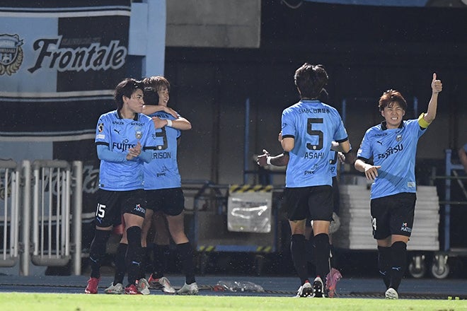 【画像】10分にゴールを決めた山本悠樹チームメイトと抱擁を交わした!|写真:鈴木颯太朗
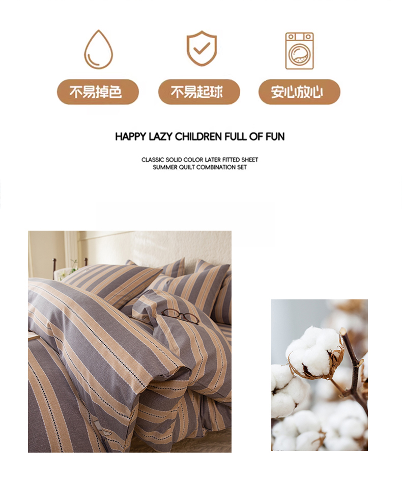 商品名称:八十八家纺 2026新款无印风全棉纯棉斜纹条格单被套被套单件单品被套 木冬
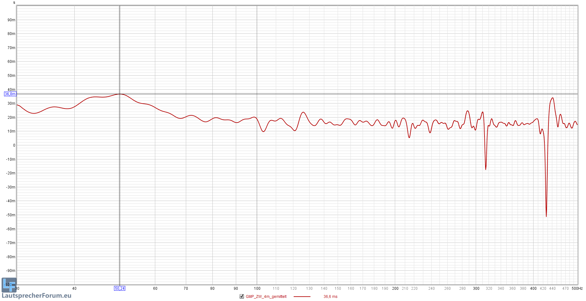 Nimmt man so grob den Mittelwert bei dir, kann man sagen, dass die GD erst oberhalb 300Hz auf die Null kommt, also so der Bereich 150-300Hz.

→ **Directions**:
Would you return the material above exactly, apart from its pictures?

→ **Answer area**:
 【画像】10分にゴールを決めた山本悠樹チームメイトと抱擁を交わした!|写真:鈴木颯太朗
 商品名称:八十八家纺 2026新款无印风全棉纯棉斜纹条格单被套被套单件单品被套 木冬
 Nimmt man so grob den Mittelwert bei dir, kann man sagen, dass die GD erst oberhalb 300Hz auf die Null kommt, also so der Bereich 150-300Hz.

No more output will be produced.